Archiwizowane tu RZECZY są wypadkową moich pomysłów i mojego GUSTU. Od jakiegoś czasu pochłania mnie pasja filcowania, więc są to głównie rękoczyny z czesanką, jedwabiem i filcem w tle. Z chęcią poznam opinię na ich temat, więc nie krępuj się i pozostaw tu swój komentarz!!!

niedziela, 5 grudnia 2010

Zima na ramiona moje spadła...



... niewinnością białym śniegiem... jak śpiewa Kajah. Wśród rodziny jestem powszechnie znana z gustowania w telewizyjnych programach rozrywkowych i jeden z nich w piątek przypomniał mi właśnie o istnieniu tej piosenki. Te bałkańskie, rzewne rytmy sprawiają, że od razu mi cieplej, mimo śniegu za oknem.
Żeby niektórym było cieplej porwałam się na turlanie pierwszego wdzianka. Wdzianko powędrowało wczoraj do Barbórki - mojej Mamy.

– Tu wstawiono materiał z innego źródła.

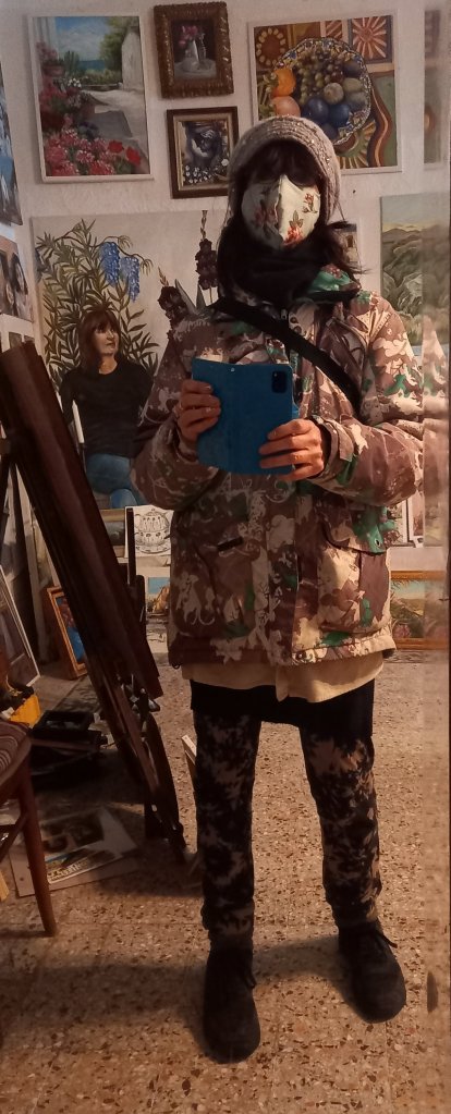 The mask I made actually works so my glasses don’t steam up when I am walking….unfortunately it is not so good when trying to paint.. But I was able to walk home and see where I was going tonight which was a treat.

W kamizelkę wkomponowałam fragmenty apaszki z wiskozy (nuno felt), a w efekcie końcowym wygląda ona tak.

Przód



Tył



Niedługo zafilcuję całą rodzinę!!!

Uturlałam jeszcze szal - miał być lekki i zwiewny. Jedwab ręcznie malowany - niestety nie przeze mnie, ale efekt lekkości chyba został osiągnięty.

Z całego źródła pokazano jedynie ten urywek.